§ **YOUR TASK**
From the records below, print exactly the lines starting at the one containing "While the stew" and ending at the one containing "一、首先在百位上,上期开出了", ends included, and nothing else.

§ **RAW DATA**
◇ ◇ ◇ ◇ ◇

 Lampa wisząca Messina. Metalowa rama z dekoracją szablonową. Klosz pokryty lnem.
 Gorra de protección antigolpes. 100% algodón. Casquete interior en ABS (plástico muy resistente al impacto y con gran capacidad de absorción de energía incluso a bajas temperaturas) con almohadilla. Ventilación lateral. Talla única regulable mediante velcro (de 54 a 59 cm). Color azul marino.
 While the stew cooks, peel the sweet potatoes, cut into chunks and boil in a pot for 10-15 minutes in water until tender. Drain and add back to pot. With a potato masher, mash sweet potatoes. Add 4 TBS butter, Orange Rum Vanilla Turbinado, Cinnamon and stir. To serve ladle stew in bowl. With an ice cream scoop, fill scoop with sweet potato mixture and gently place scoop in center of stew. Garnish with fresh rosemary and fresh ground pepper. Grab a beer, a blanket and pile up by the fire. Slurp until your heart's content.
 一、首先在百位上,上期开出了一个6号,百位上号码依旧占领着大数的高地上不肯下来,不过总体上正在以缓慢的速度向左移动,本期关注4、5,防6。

◇ ◇ ◇ ◇ ◇

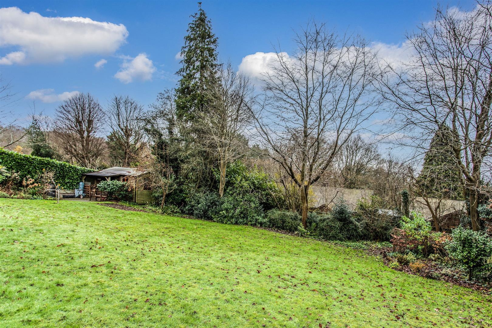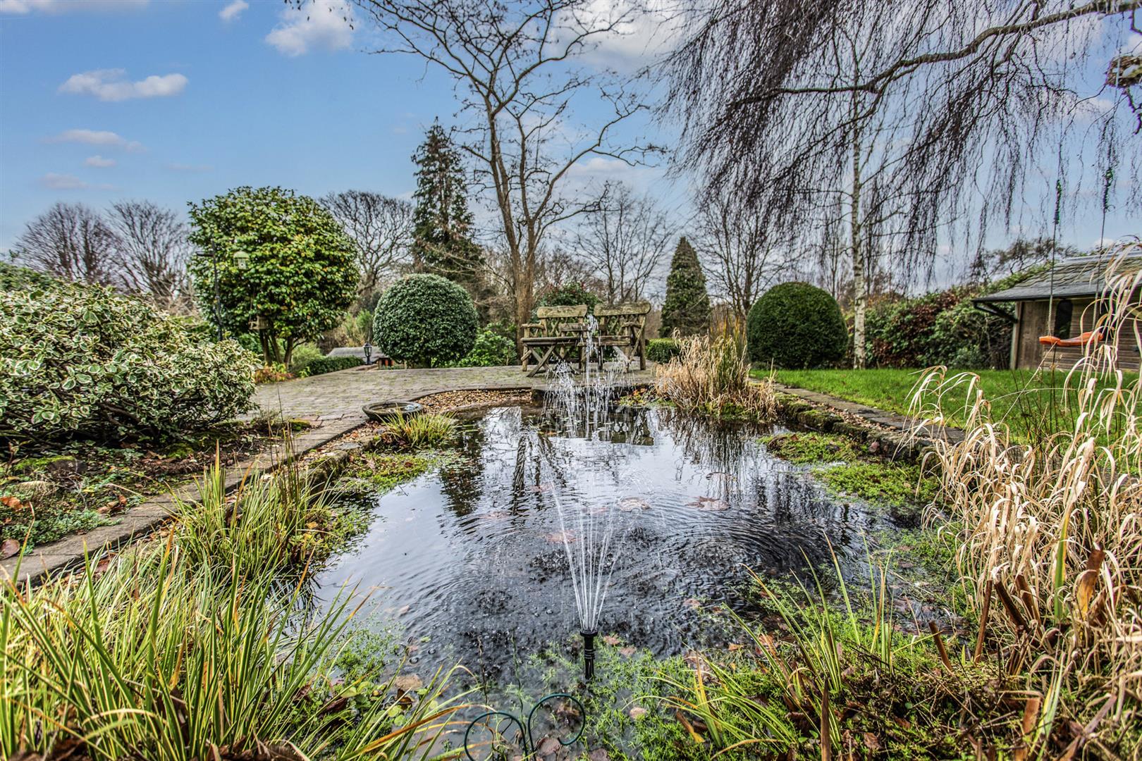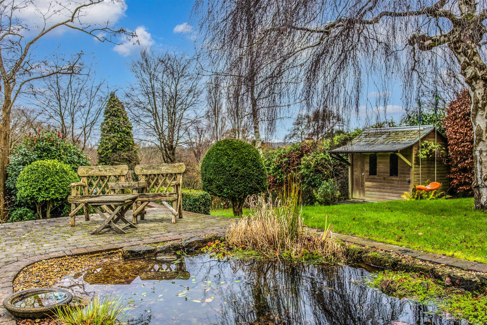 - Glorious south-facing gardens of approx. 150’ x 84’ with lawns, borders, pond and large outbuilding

◇ ◇ ◇ ◇ ◇

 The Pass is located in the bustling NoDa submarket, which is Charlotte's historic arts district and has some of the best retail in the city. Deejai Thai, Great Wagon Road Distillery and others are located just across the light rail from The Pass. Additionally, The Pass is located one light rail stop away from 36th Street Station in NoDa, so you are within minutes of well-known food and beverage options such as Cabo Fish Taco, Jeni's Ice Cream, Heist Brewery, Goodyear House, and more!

◇ ◇ ◇ ◇ ◇

§ **RESPONSE AREA**
 While the stew cooks, peel the sweet potatoes, cut into chunks and boil in a pot for 10-15 minutes in water until tender. Drain and add back to pot. With a potato masher, mash sweet potatoes. Add 4 TBS butter, Orange Rum Vanilla Turbinado, Cinnamon and stir. To serve ladle stew in bowl. With an ice cream scoop, fill scoop with sweet potato mixture and gently place scoop in center of stew. Garnish with fresh rosemary and fresh ground pepper. Grab a beer, a blanket and pile up by the fire. Slurp until your heart's content.
 一、首先在百位上,上期开出了一个6号,百位上号码依旧占领着大数的高地上不肯下来,不过总体上正在以缓慢的速度向左移动,本期关注4、5,防6。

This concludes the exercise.